WHAT TO WORK ON: The line containing "A senior woman" and every line after it, through the end of the records below, are to be reproduced exactly, with the pictures left out.

Stored records:
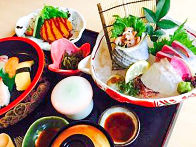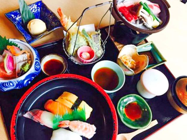 藤田屋の豪華なおすすめメニュー。お寿司に、天婦羅、刺身に陶板焼き、デザートの豪華なお膳は夜も注文可能。
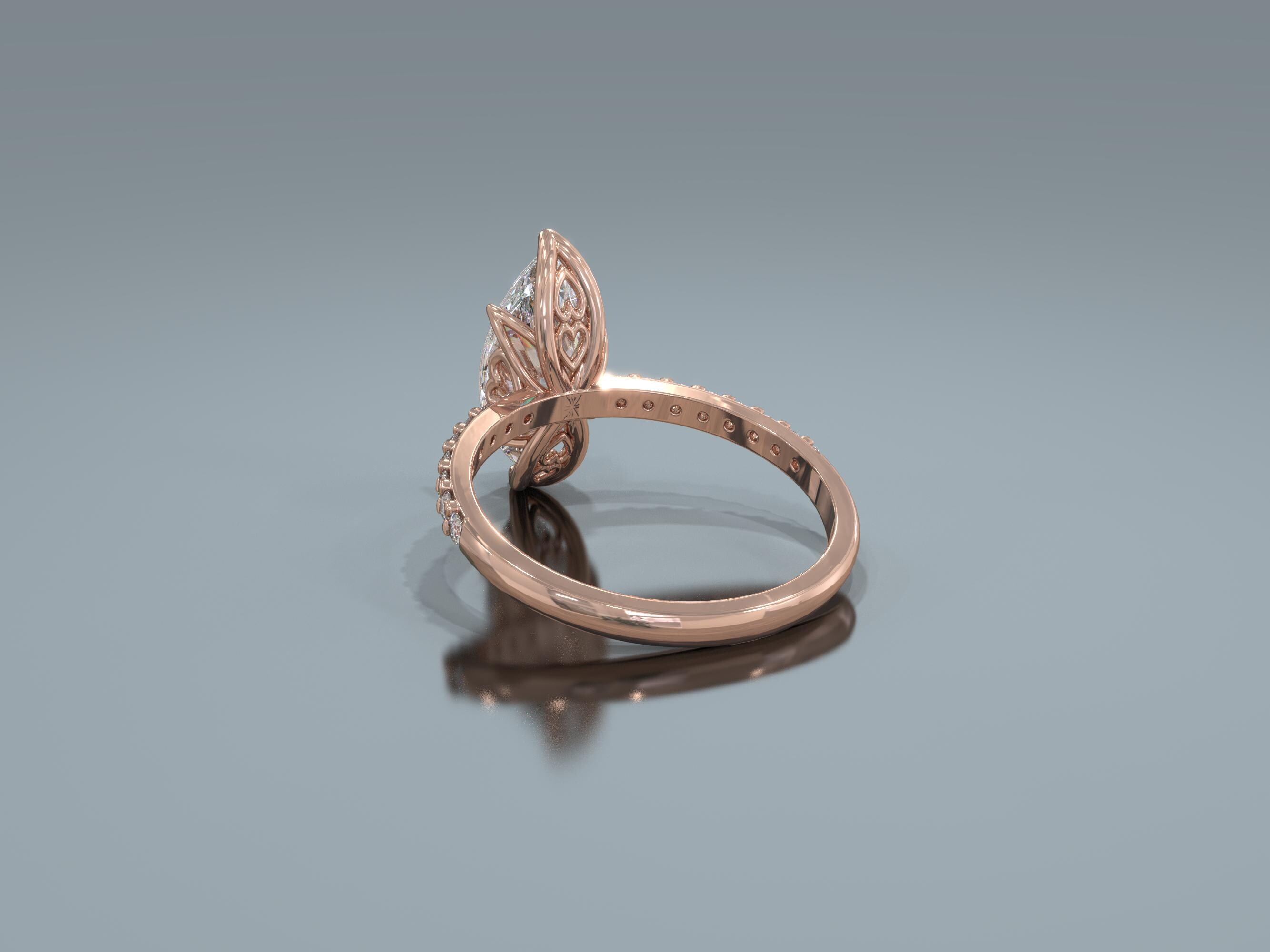 A timeless 18k solid rose gold Marquise Pavé engagement ring.
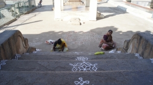 Храм и территория вокруг него такие же благостные, как и вся Щраванабелагола. Перед входом женщины рисуют ранголи, мягкие красивые тени подрабатывают то, с чем не справился человек и смягчают некоторую угловатость храма.
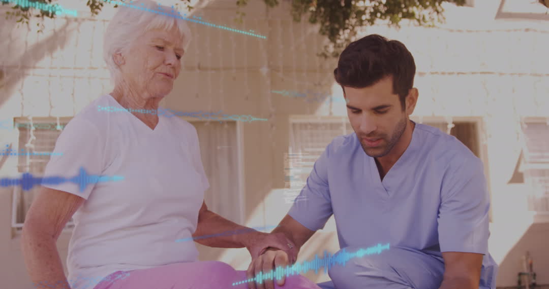 A senior woman is receiving care from a male physiotherapist outdoors. Animated digital data overlays suggest technological advancements in patient monitoring. Useful for illustrating modern healthcare services, highlighting the integration of technology in medicine, and demonstrating elderly care routines.
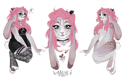 Everything is flat colored and pretty straight forward so color picking should be relatively easy. The only eyeballing you gotta do when it comes to coloring is the soft flush of pink in her inner ears. The blush and lip shine was just an added touch to pretty it up, but feel free to include that in her color scheme.I imagine she likes to wear comfortable, baggy clothing or cute dresses for the most part. She's not too fond of showing off her body or wearing fitting clothing but is open to it.

SOLUTION TO THIS TASK:
 A senior woman is receiving care from a male physiotherapist outdoors. Animated digital data overlays suggest technological advancements in patient monitoring. Useful for illustrating modern healthcare services, highlighting the integration of technology in medicine, and demonstrating elderly care routines.
 Everything is flat colored and pretty straight forward so color picking should be relatively easy. The only eyeballing you gotta do when it comes to coloring is the soft flush of pink in her inner ears. The blush and lip shine was just an added touch to pretty it up, but feel free to include that in her color scheme.I imagine she likes to wear comfortable, baggy clothing or cute dresses for the most part. She's not too fond of showing off her body or wearing fitting clothing but is open to it.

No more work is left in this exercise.